**SUPPLIED INFORMATION**
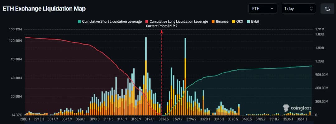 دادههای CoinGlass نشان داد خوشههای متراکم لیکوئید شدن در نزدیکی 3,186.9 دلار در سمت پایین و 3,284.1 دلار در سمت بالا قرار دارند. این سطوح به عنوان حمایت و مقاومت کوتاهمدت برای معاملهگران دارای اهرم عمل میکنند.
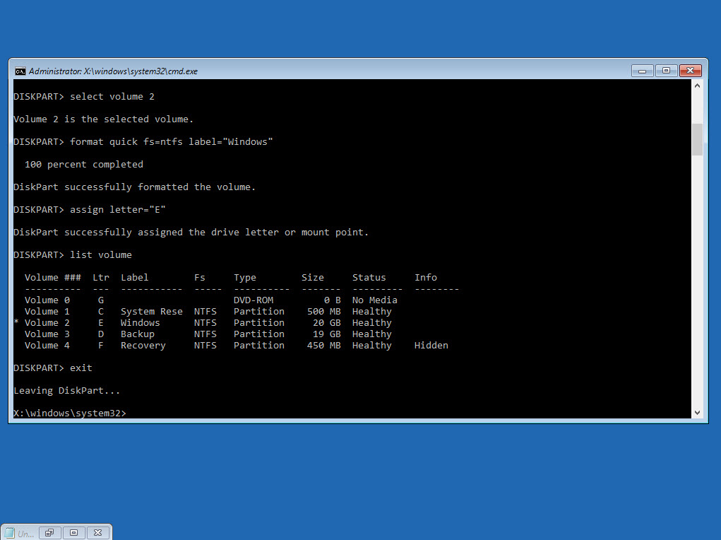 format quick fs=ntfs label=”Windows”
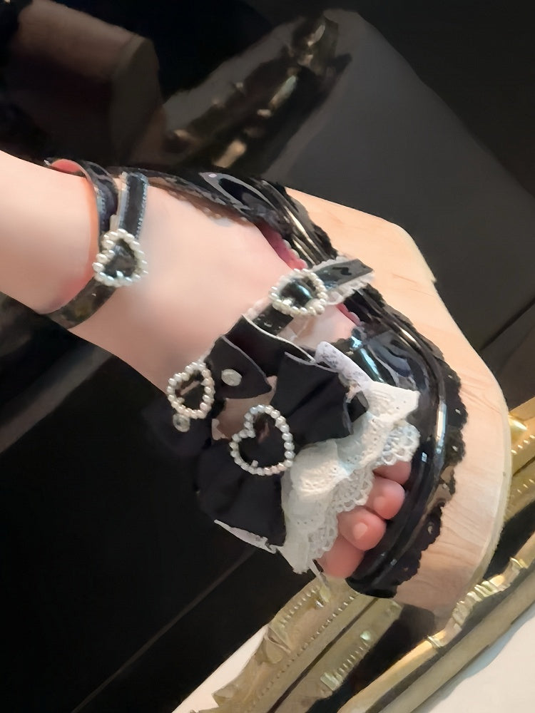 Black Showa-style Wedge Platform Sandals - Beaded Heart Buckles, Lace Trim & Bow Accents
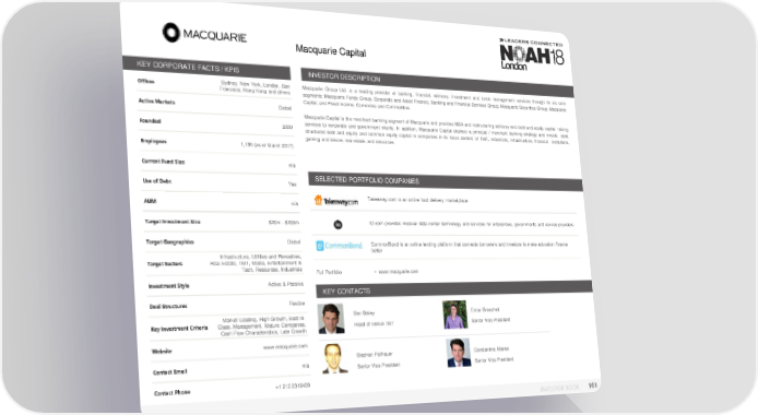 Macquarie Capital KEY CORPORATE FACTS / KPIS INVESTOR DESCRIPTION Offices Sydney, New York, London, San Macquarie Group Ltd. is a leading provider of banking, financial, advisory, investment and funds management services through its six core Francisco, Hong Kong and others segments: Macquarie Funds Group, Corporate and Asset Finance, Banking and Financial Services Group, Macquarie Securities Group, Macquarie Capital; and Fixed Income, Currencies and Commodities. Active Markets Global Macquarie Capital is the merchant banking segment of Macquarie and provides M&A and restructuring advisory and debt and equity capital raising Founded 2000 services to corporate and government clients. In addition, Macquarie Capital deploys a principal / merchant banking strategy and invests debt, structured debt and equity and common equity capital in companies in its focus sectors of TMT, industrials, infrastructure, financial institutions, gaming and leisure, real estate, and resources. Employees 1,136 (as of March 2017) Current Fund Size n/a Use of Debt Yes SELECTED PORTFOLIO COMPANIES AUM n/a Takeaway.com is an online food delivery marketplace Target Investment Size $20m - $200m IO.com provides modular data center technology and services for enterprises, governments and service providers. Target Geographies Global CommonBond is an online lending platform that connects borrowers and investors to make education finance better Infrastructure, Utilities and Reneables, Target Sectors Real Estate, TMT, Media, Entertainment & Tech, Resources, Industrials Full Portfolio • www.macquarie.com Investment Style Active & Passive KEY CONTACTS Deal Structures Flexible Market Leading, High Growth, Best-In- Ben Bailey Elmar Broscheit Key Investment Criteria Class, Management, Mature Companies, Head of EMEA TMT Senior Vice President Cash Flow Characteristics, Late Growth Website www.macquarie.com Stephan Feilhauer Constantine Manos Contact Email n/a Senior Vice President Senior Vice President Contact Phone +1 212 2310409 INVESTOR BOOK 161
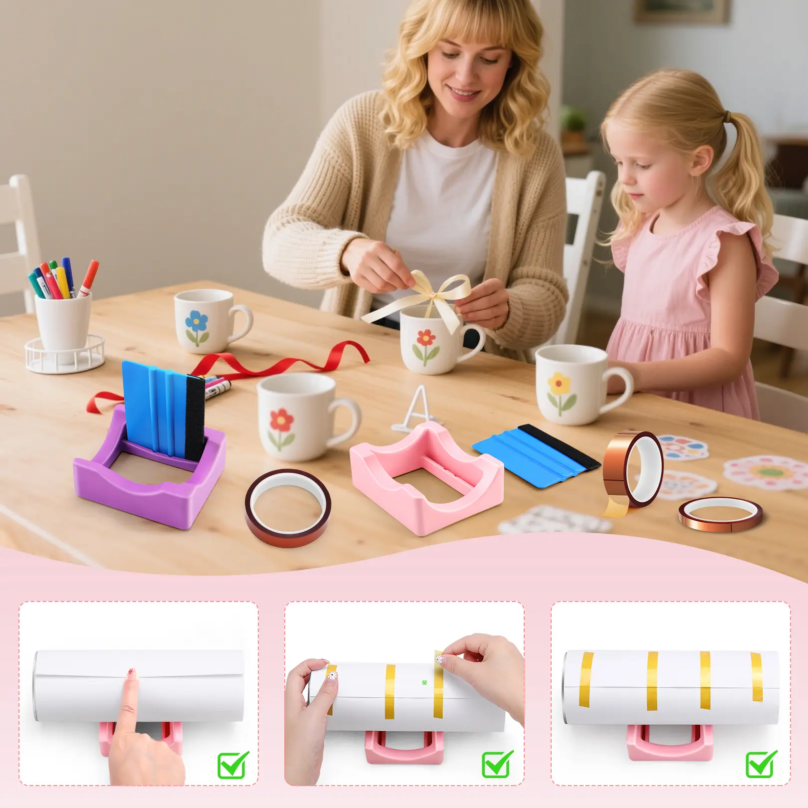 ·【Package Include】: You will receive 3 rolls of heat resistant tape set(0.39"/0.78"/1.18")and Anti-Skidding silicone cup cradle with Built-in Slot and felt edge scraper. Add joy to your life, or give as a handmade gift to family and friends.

**TASK TO CARRY OUT**
Print the data exactly, from its first line to the line containing "Black Showa-style Wedge", both included. Omit the pictures.

**TASK RESULT**
 دادههای CoinGlass نشان داد خوشههای متراکم لیکوئید شدن در نزدیکی 3,186.9 دلار در سمت پایین و 3,284.1 دلار در سمت بالا قرار دارند. این سطوح به عنوان حمایت و مقاومت کوتاهمدت برای معاملهگران دارای اهرم عمل میکنند.
 format quick fs=ntfs label=”Windows”
 Black Showa-style Wedge Platform Sandals - Beaded Heart Buckles, Lace Trim & Bow Accents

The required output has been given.